MiniGPT-30M-Wikipedia-Var1

30M-parameter decoder-only Transformer trained from scratch on WikiText-103. Architecture features RMSNorm, Rotary Positional Embeddings (RoPE), and SwiGLU activation.

Architecture

  • Parameters: ~29.9M
  • Layers: 6
  • Heads: 8
  • Embedding dim: 384
  • Context: 512 tokens
  • Features: RMSNorm, RoPE, SwiGLU, weight tying

Training

  • Dataset: WikiText-103 (GPT-2 tokenized)
  • Epochs: 3
  • Hardware: 2× NVIDIA T4 (Kaggle)
  • Optimizer: AdamW (lr=3e-4)

Usage

This model uses a custom architecture and cannot be loaded with AutoModelForCausalLM. Load manually:

# Download these files from the repo:
# - model.py (contains MiniGPT class definition)
# - model.safetensors (weights)
# - tokenizer.json (GPT-2 tokenizer)

from model import MiniGPT, Config
import torch
from transformers import GPT2Tokenizer

config = Config()
model = MiniGPT(config)
model.load_state_dict(torch.load("model.safetensors", weights_only=True))
model.eval()

tokenizer = GPT2Tokenizer.from_pretrained("gpt2")

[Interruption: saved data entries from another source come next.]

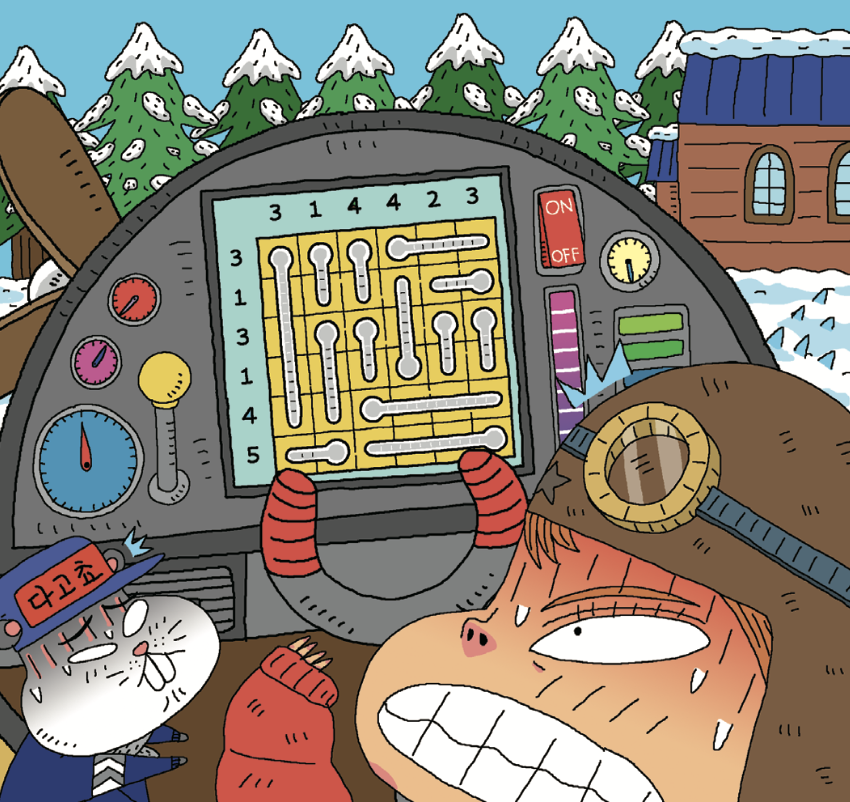 라라올라는 수리를 말끔하게 마친 비행기에 올라 계기판을 바라보았다. 라라올라가 한 버튼을 누르자, 복잡한 선들이 떠올랐다.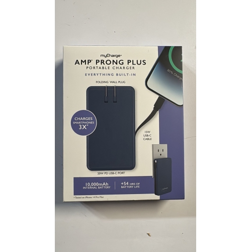 MyCharge AMP PRONG Plus 20W PD USB-C Portable Charger with Built-In Plug and Cable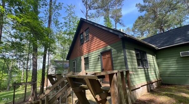 Enjoy your very own private home in Lake Royale. Inside features a downstairs bedroom and bath plus two more rooms upstairs with bathroom. Deck off the rear for nice quiet views of the wooded back yard. Short walk to the lake.

# Basic generation example
prompt = "The world is a"
input_ids = tokenizer(prompt, return_tensors="pt").input_ids
with torch.no_grad():
    logits, _ = model(input_ids)
    next_token = torch.argmax(logits[:, -1, :], dim=-1)
    print(tokenizer.decode(next_token))

⚠️ Warning: This is an experimental 30M-parameter model. Outputs are grammatically plausible but factually unreliable. Intended for architectural study and education — not for production use.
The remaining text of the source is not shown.